Yesterday, as I checked my email during a break in the OAGC Coordinator Division workshop, “Enhancing 21st Century Skills,” one item in my in-box stood out.   The subject line of the daily Ed Week Update, ironically, was, “Motives of 21st-Century-Skills Group Questioned.”

Shady Motives Behind P21 Group?

The Partnership for 21st Century Skills (P21) has no small number of critics, many due to educational or political ideological differences. Apparently, there is a new set of critics who believe that technology companies are marketing 21st Century Skills as a way to push technology (i.e. spending on technology) in the classroom.  Despite the concerns of critics, Ohio has recently become the 14th state to be accepted as a member of P21, run by Ken Kay, a former executive director for an information technology policy group.

Kay vs. Kim

As an interesting aside, the Ohio Department of Education also has an on-going relationship with creativity guru, Daniel Kim, who has been a steady presence at the Governor’s Institute for Creativity.  A few weeks ago, Kim delivered what at least one attendee felt was a very anti-technology keynote at the recent Ohio School Boards Association conference. Apparently, Kim likened social media to the evil Borg from Star Trek. Considering Kim is still using an overhead projector to deliver his keynotes, I think his views should not be surprising to anyone.

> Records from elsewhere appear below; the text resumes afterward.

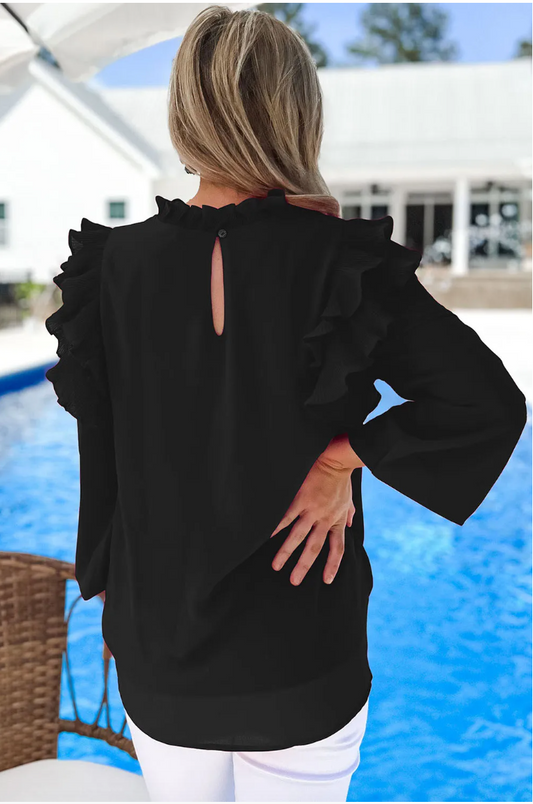 Black Button Keyhole Back Pleated Ruffle Trim Blouse
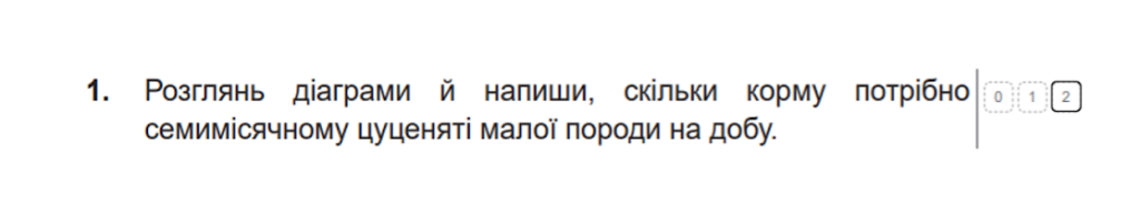 Наприклад, завдання 1 передбачає роботу дитини з діаграмою: знаходження потрібної діаграми, читання її та відбір даного (масу корму), яке є відповіддю на запитання. У цьому завданні частково правильною є відповідь, яка свідчать про те, що дитина скористалась не тією діаграмою, що потрібна за умовою, однак знайшла на ній дане (масу корму на добу) для семимісячного (шестимісячного) цуценяти.
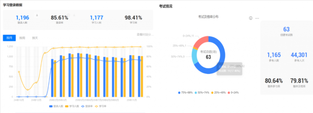 为提升学习积极性,江苏大众医药也建立了配套激励机制:将员工学习时长、考试成绩作为参考,在年底统一做评优,形成 “比学赶超” 的良好氛围。目前,江苏大众医药员工登录平台率85%以上,考试合格率稳定在 80%,学习效果显著。
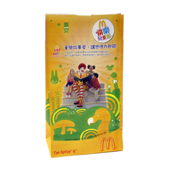 This paper bag comes in a rectangular shape in vivid yellow. The exterior is skillfully designed with smiling McDonald, lovely children and colorful patterns, conveying a sense of playfulness. This beautiful paper bag is ideal for packing takeout food.
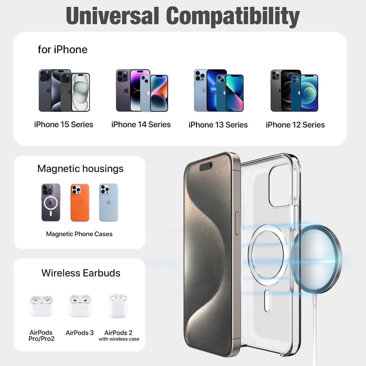 Compatible with iPhone 12, 13, 14, 15 series and other Qi-enabled devices supporting 5W, 7.5W, 10W, and 20W wireless charging.

What are the 21st Century Skills?

So what are these 21st century skills and what do they mean for high ability students? The first part of this question is easy. As outlined by the P21 group, 21st century skills generally include:

• Creativity and Innovation
• Critical Thinking and Problem Solving
• Communication and Collaboration
• Information Literacy
• Media Literacy
• ICT (Information, Communications and Technology) Literacy
• Flexibility and Adaptability
• Initiative and Self-Direction
• Social and Cross-Cultural Skills
• Productivity and Accountability
• Leadership and Responsibility

To gifted educators, the first few look pretty familiar, don’t they? Nevertheless, the second part of the question about how these skills relate to gifted students appears to be difficult to answer.  As OAGC was putting on a workshp about 21st century skills and gifted students, I began to ask state and national level education experts about the relationship.  The answers I received were largely the same: a blank look and ultimately a conclusion that gifted education already includes many of these 21st century skill building attributes. But does it really? I, for one, think we could badly use more “flexibility and adaptability” in the treatment of high ability students in most districts.  And let’s assume most gifted professionals are already well-versed in teaching 21st century skills – especially the areas of “creativity and innovation” and “critical thinking and problem solving.”  Why aren’t school districts clamoring for these gifted professionals to train others in the districts?  It seems these days, that many districts instead are trying to find ways to eliminate gifted positions.

21st Century Questions

There does seem to be a void when it comes to defining 21st Century Skills for high ability students.  So, I throw the following questions out there:  What are the 21st century skills needed for gifted and high ability children? Are they any different than they are for other children? Are some more important than others? Also, who will win out in the Kay vs. Kim fight over Ohio education technology ideology? And finally, is it appropriate for a quasi-Luddite to use Star Trek references? What do you think?

3 Comments leave one →
  1. December 6, 2009 4:43 pm

    Take on this challenge – I maintain that no educational framework (at school, district, state, or university levels) includes the word “visual” in its list of core skills for general education. Can you prove me wrong?
    Look for that typical list of “written communication, oral communication, quantitative literacy,” etc. and ask yourself why “visual communication” or “visual literacy” is never included.

  2. Eric permalink
    December 6, 2009 8:10 pm

    who will win out in the Kay vs. Kim fight over Ohio education technology ideology?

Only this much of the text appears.